All the land would have been worked by horses and sometimes by bullocks. One method of sowing grass was to sow the seed by hand then herd a mob of cattle round and round the paddock to bed the seed in. The river flats were always a great place for growing the crops in the early days in Katikati and in one instance my Grandfather grew a crop of pumpkins but just as they were ready for harvesting, down came the rains, up came the river flooding the river flat. The pumpkins went floating past the town ending up on banks and other flat areas. Some even ended up in the markets in Waihi. Katikati produce was always in demand in the gold mining town of Waihi and in many cases was the livlihood of many of the early settlers.

During the 1939-45 war Katikati land - through the efforts of Mr Arthur Honeyfield - once again became a prolific grower of vegetables to feed American troops in the Pacific. Onions grew to the size of saucers, carrots grew until they split, cabbages and pumpkins were the size that you needed a wheelbarrow to carry them.

Today our land could be called Kiwifruit Forest with flower growing of every variety giving the colour and strawberry plants going to local and many other parts of New Zealand to give Katikati the sweetness of life.

Our district has gone from mainly dairying, sheep and cattle, pigs and poultry to a lesser extent, to one of the many ventures mentioned above.

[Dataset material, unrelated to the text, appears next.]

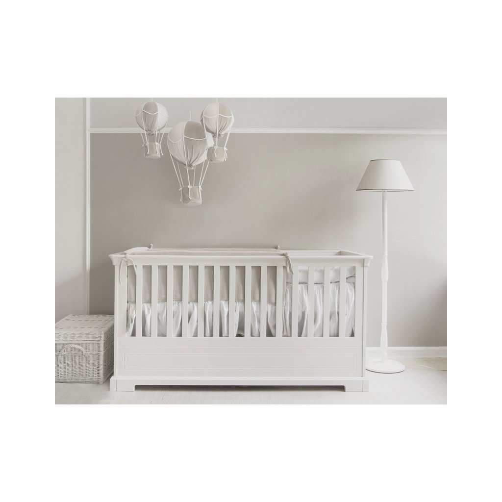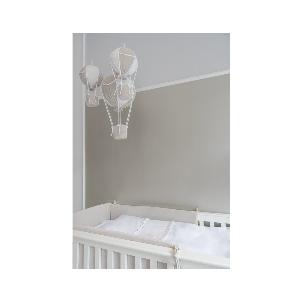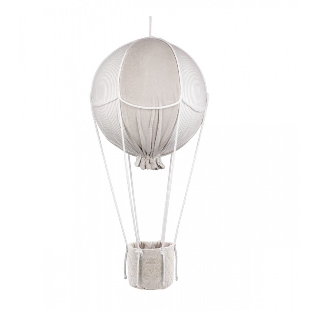 Dekoratívny balónik v béžovej farbe. Košík je vyrobený z béžovej prešívanej látky a ozdobený elegantným zlatým znakom. Balón je vyrobený z kombinácie látky s bielymi a béžovými pruhmi a béžovým zamatom. Balón má šnúru, pomocou ktorej sa dá ľahko namontovať na strop.

Dairying of which I followed in my father's footsteps has changed from milking the cows by hand to milking machines driven by engines or in some cases by water wheel to electric power. Home separation of the cream stopped when whole milk collection started first in 20 gallon cans then later on by tanker. In most cases this was the end of rearing pigs. In my father's case he threw his hat in the air when the last pig went off the farm.

The way the cows were milked has changed over the years from massaging the cow's udder before putting the milking cups on, then stripping by hand into a bucket after the cups came off. These days one man puts the cups on and a cup removing device takes them off at the end of the milking cycle enabling him to milk 1000 cows in one hour without too much effort.

left and above: Then and now. The Fergie tractor and sicklebar mower. Aerial fertiliser spreading on the Henry farm with the Kaimais behind.
Haymaking over the years has gone from growing oats which were cut with a scythe then put into sheaves to dry in stook before threshing to separate grain from chalf. Hay was stacked with a pitch fork before the advent of the hay stacker. All of this was done in the horse age. When the first stationary balers and the tractors that drove them came to Katikati many a horse bolted out of the paddock, but sooner or later they learnt to work alongside them. However, the horse was soon to disappear from the hay field with the coming of all the modern machinery.